- [Problem to work on] Retype every line from the top of the entries down to the one with "4名様までのテーブル席です。", both included, and skip the pictures.

*** Opening of Dataset excerpts ***

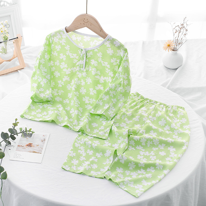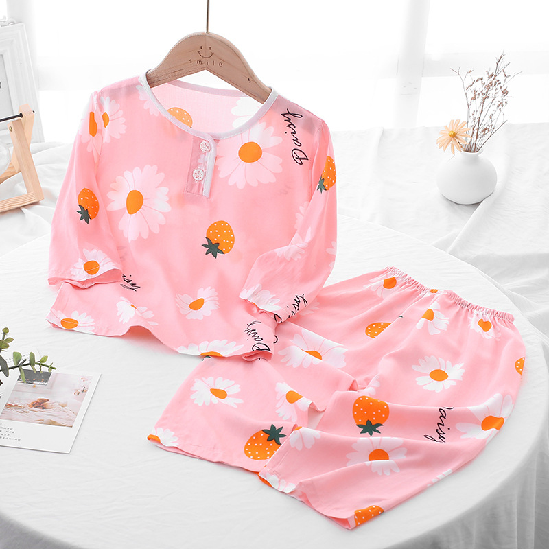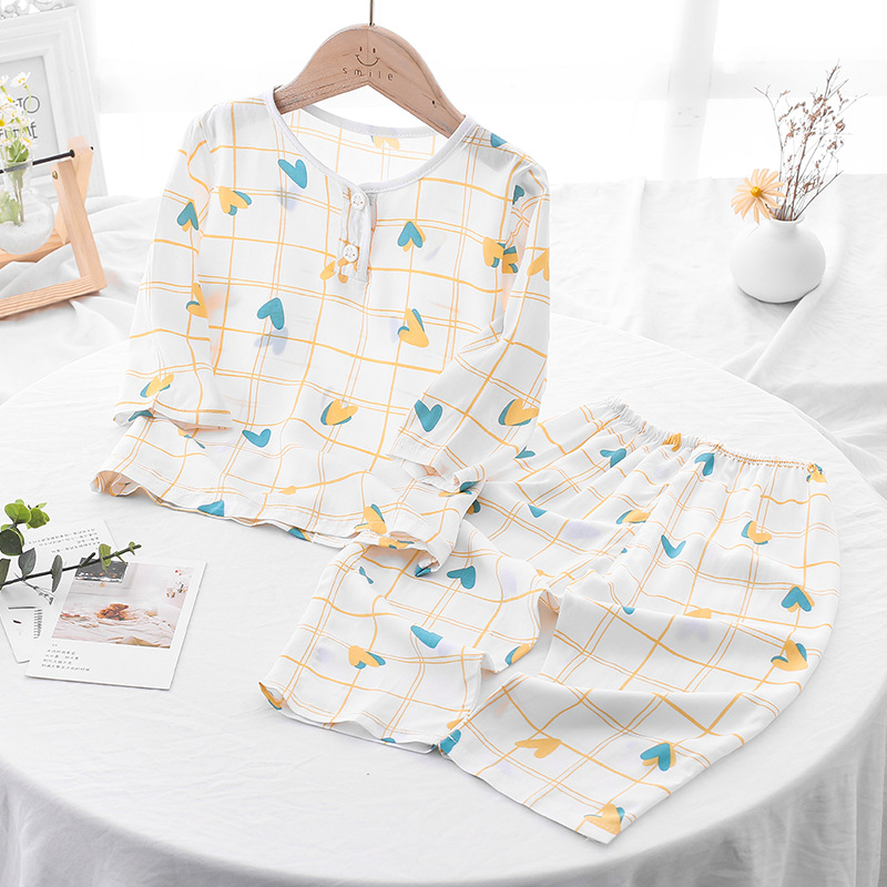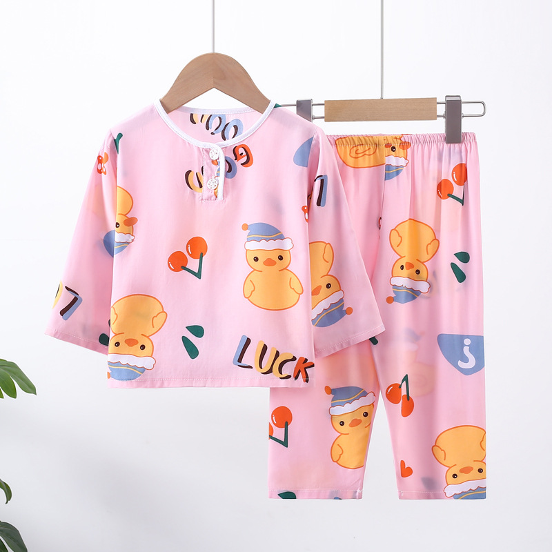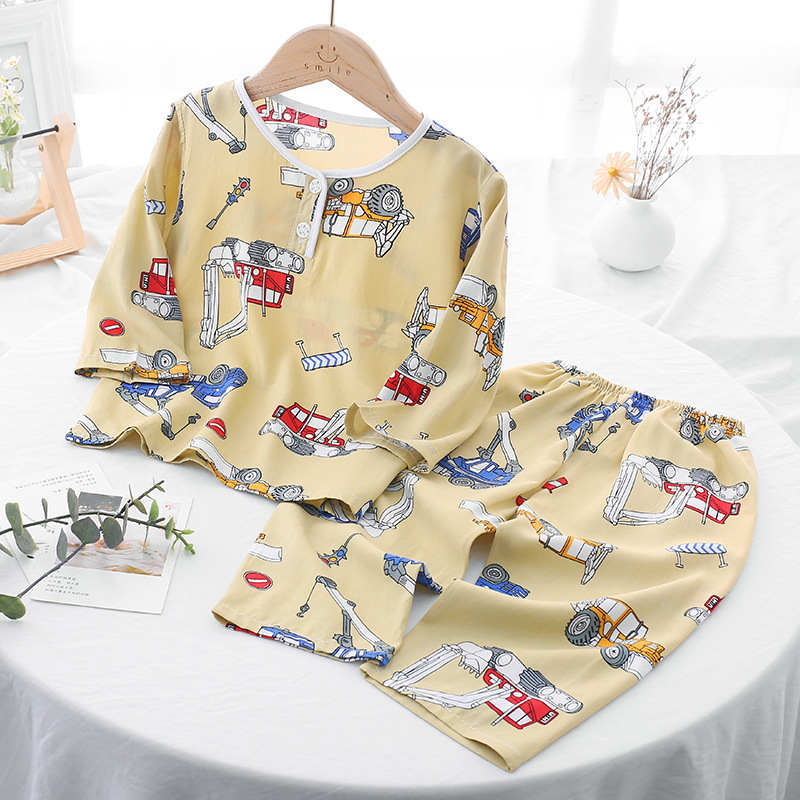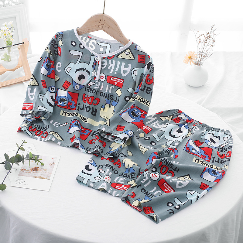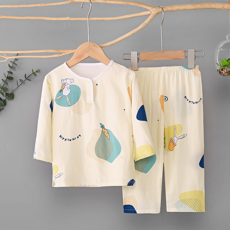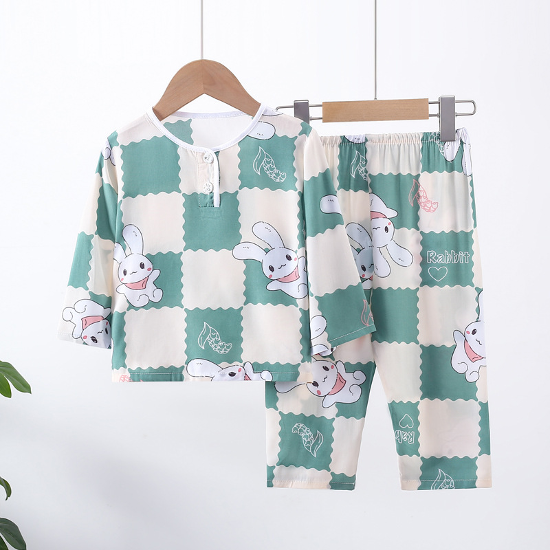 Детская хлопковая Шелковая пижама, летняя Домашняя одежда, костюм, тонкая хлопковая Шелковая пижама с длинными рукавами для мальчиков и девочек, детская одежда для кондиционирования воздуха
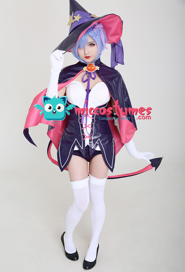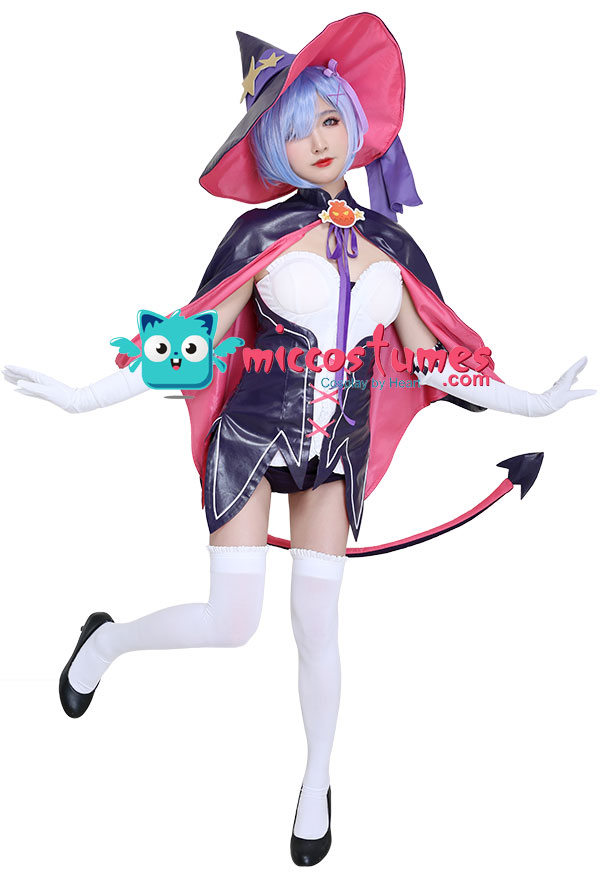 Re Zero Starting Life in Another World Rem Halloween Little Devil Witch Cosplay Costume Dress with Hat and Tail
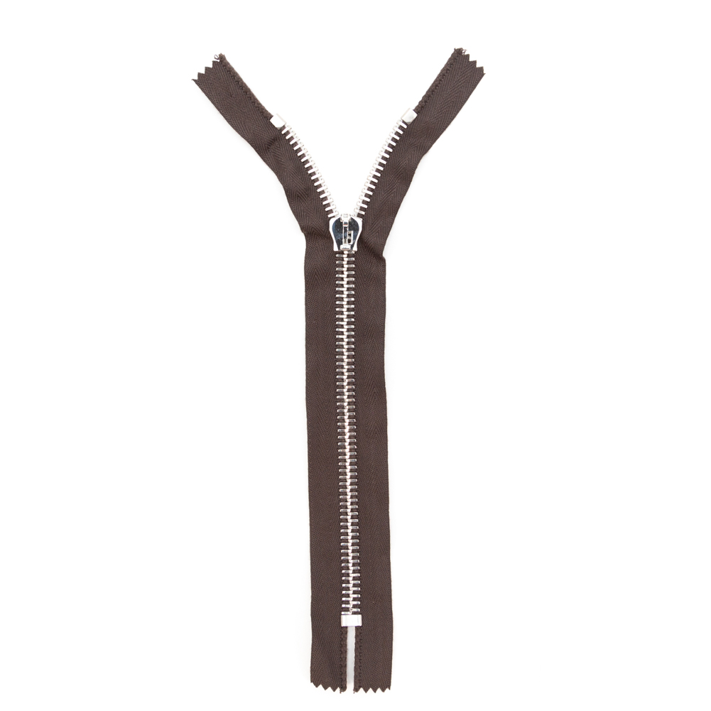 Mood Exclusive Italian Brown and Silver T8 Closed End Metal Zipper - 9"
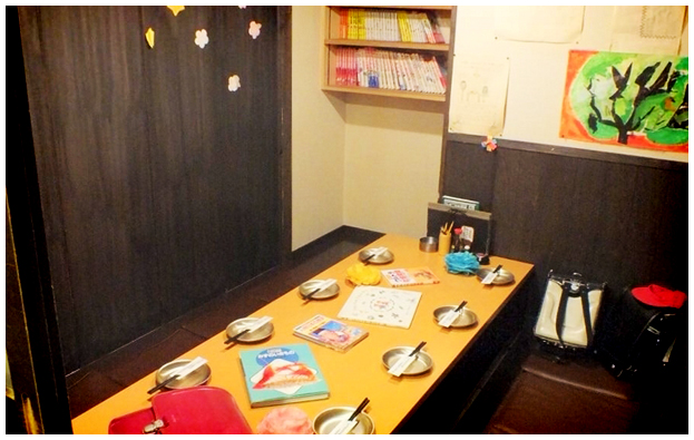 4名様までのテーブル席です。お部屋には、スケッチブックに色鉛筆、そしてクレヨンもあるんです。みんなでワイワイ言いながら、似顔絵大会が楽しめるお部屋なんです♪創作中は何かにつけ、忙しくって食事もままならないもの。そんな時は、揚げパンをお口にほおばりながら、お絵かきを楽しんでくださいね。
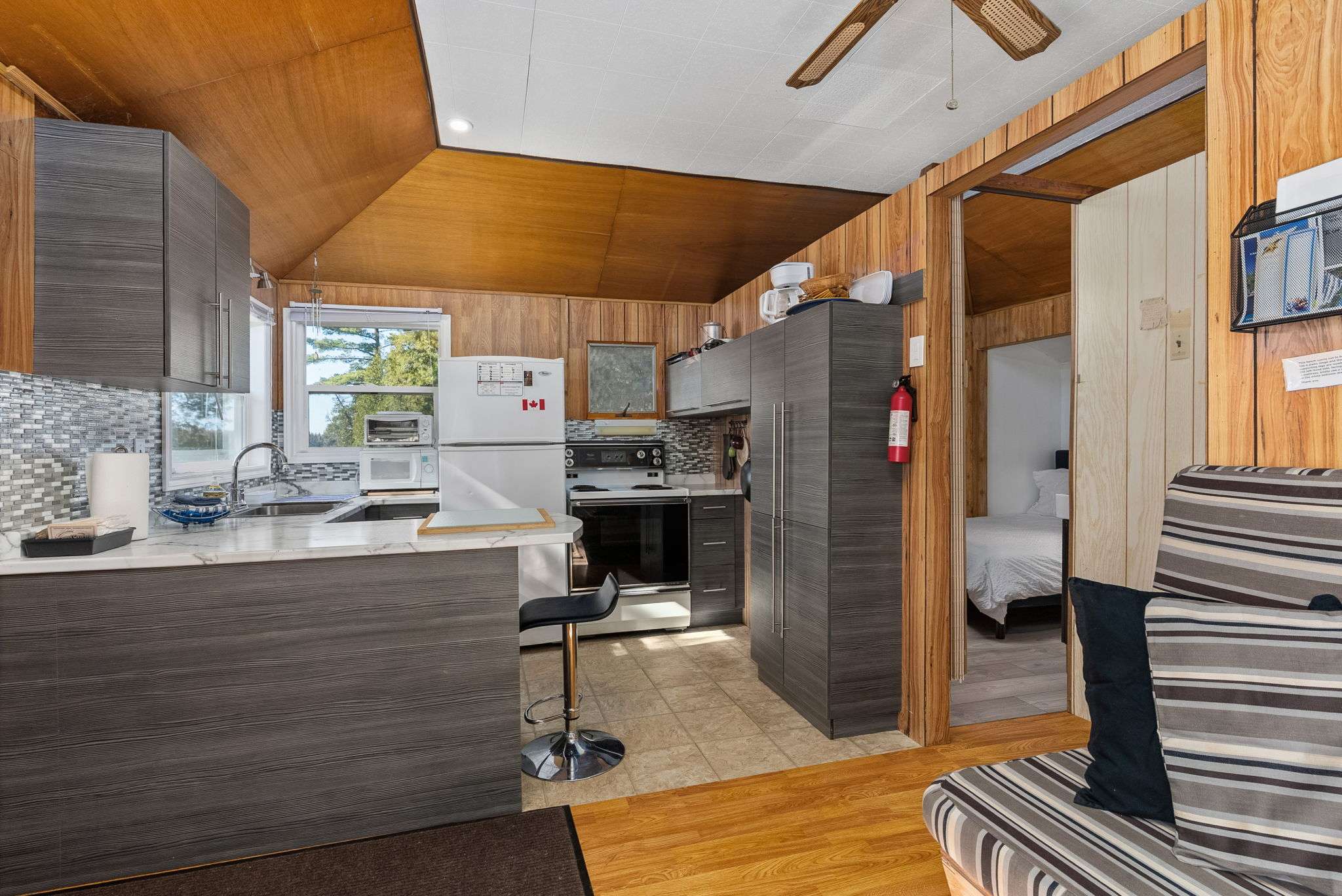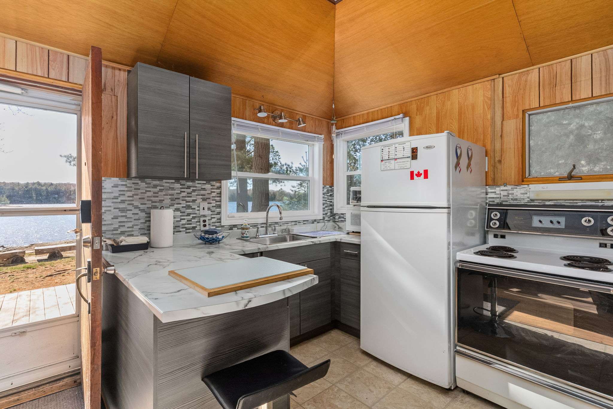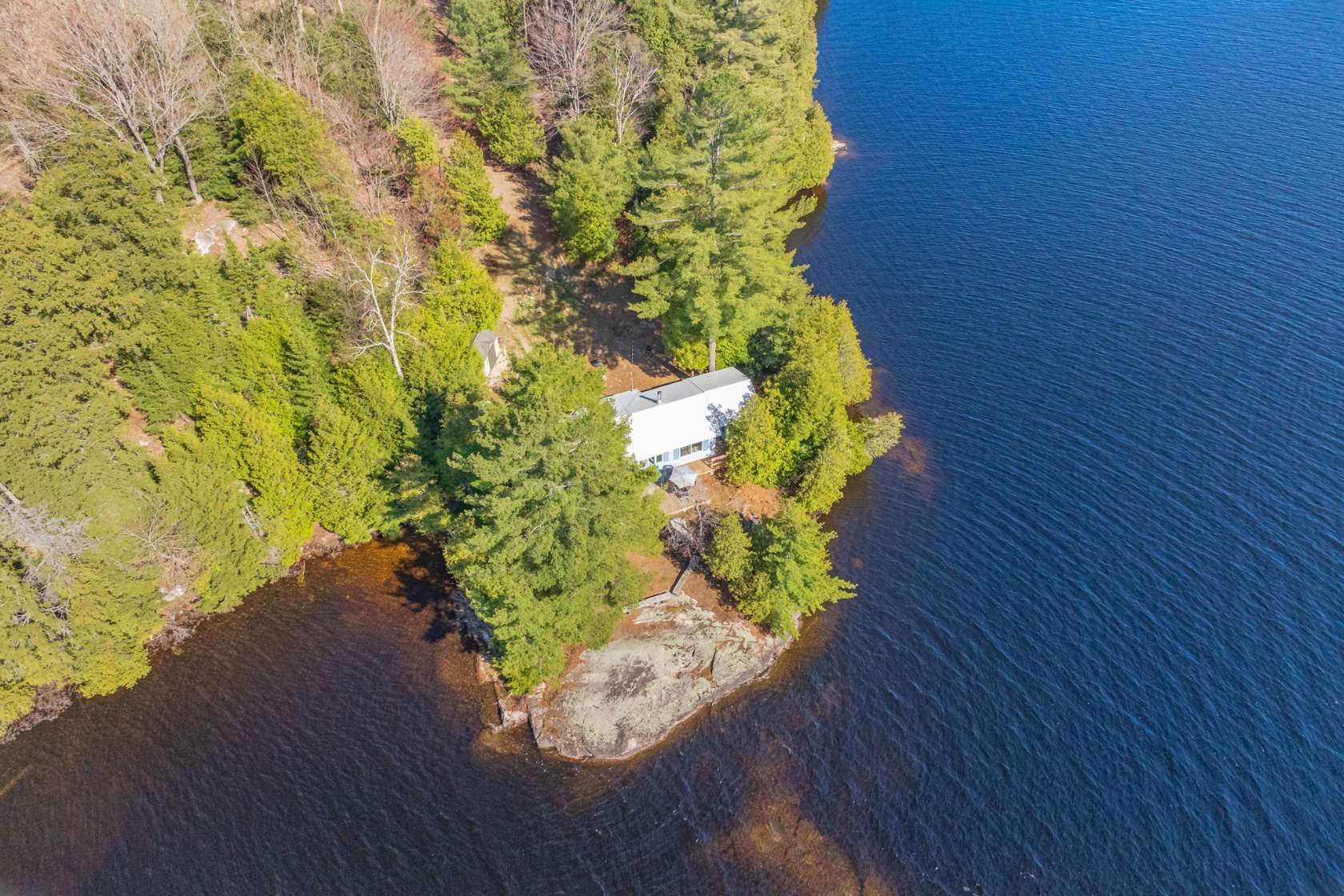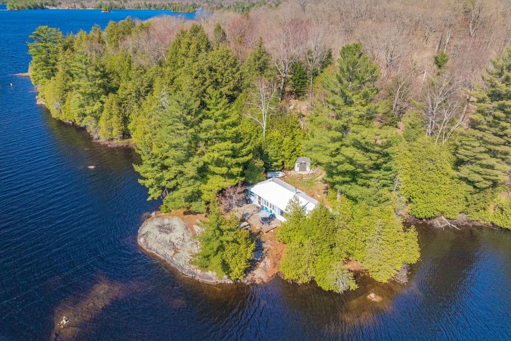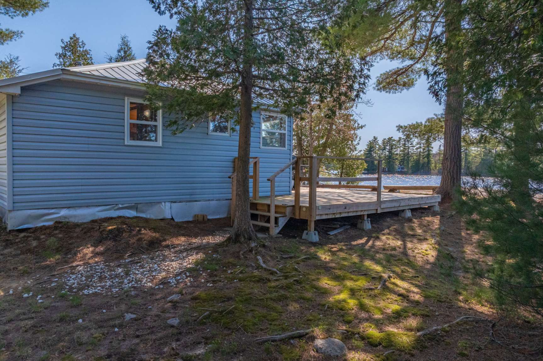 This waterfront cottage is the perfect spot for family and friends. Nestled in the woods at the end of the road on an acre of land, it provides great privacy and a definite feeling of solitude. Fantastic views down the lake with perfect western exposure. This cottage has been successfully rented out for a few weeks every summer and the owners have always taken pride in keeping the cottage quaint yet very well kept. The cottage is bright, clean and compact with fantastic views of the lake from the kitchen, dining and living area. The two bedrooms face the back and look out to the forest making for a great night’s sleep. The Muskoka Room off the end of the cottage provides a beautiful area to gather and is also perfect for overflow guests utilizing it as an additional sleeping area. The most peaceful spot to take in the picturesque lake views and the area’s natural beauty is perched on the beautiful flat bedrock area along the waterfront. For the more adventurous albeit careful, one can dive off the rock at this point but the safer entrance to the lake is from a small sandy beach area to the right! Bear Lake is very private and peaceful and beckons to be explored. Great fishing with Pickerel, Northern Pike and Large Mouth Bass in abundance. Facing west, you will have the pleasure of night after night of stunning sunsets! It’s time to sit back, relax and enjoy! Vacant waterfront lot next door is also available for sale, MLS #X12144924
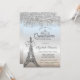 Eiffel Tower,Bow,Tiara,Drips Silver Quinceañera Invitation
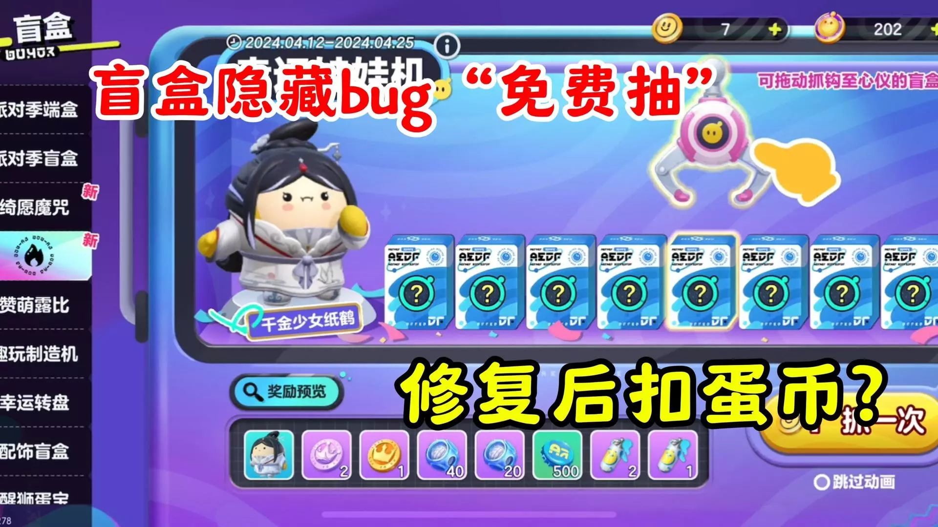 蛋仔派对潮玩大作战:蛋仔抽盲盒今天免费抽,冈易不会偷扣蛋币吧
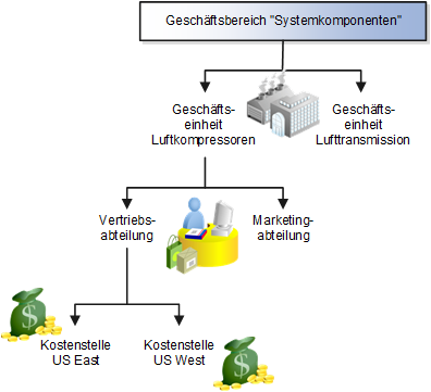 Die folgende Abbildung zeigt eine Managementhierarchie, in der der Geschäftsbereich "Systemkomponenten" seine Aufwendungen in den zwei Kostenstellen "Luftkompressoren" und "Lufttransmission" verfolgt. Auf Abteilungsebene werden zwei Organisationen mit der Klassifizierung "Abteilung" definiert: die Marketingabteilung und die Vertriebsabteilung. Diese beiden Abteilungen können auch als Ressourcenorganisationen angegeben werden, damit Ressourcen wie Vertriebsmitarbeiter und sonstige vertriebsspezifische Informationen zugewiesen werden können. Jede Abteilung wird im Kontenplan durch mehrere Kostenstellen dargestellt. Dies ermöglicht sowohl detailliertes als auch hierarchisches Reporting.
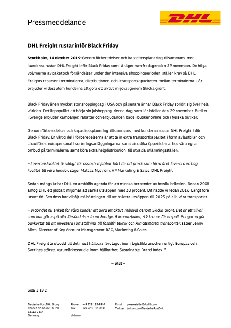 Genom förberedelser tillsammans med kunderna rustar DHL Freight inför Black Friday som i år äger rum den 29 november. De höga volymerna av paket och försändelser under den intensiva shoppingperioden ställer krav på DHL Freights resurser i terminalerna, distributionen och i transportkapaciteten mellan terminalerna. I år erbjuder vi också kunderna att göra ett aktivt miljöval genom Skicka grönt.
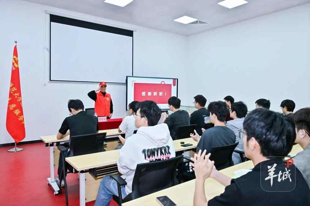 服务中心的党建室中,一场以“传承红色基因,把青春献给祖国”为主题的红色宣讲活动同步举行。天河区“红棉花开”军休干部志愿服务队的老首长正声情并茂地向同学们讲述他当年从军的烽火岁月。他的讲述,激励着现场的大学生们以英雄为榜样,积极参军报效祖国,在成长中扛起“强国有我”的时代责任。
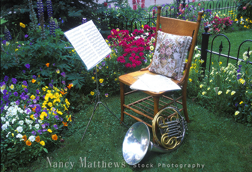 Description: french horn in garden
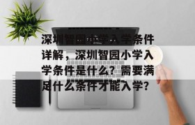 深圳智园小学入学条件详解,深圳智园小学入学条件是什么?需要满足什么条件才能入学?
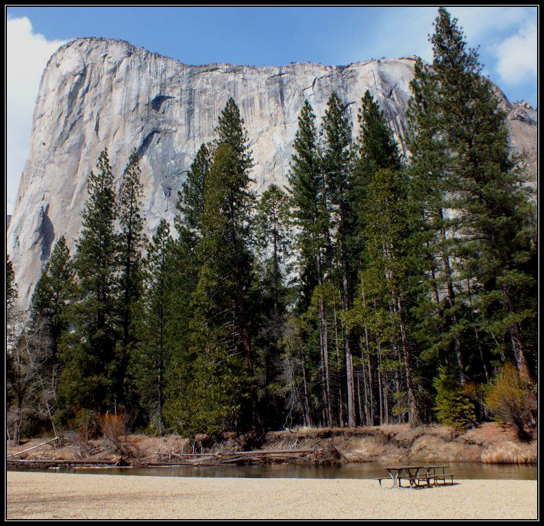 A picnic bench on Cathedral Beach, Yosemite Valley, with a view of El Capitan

*** Close of Dataset excerpts ***

- [Exercise result]
 Детская хлопковая Шелковая пижама, летняя Домашняя одежда, костюм, тонкая хлопковая Шелковая пижама с длинными рукавами для мальчиков и девочек, детская одежда для кондиционирования воздуха
 Re Zero Starting Life in Another World Rem Halloween Little Devil Witch Cosplay Costume Dress with Hat and Tail
 Mood Exclusive Italian Brown and Silver T8 Closed End Metal Zipper - 9"
 4名様までのテーブル席です。お部屋には、スケッチブックに色鉛筆、そしてクレヨンもあるんです。みんなでワイワイ言いながら、似顔絵大会が楽しめるお部屋なんです♪創作中は何かにつけ、忙しくって食事もままならないもの。そんな時は、揚げパンをお口にほおばりながら、お絵かきを楽しんでくださいね。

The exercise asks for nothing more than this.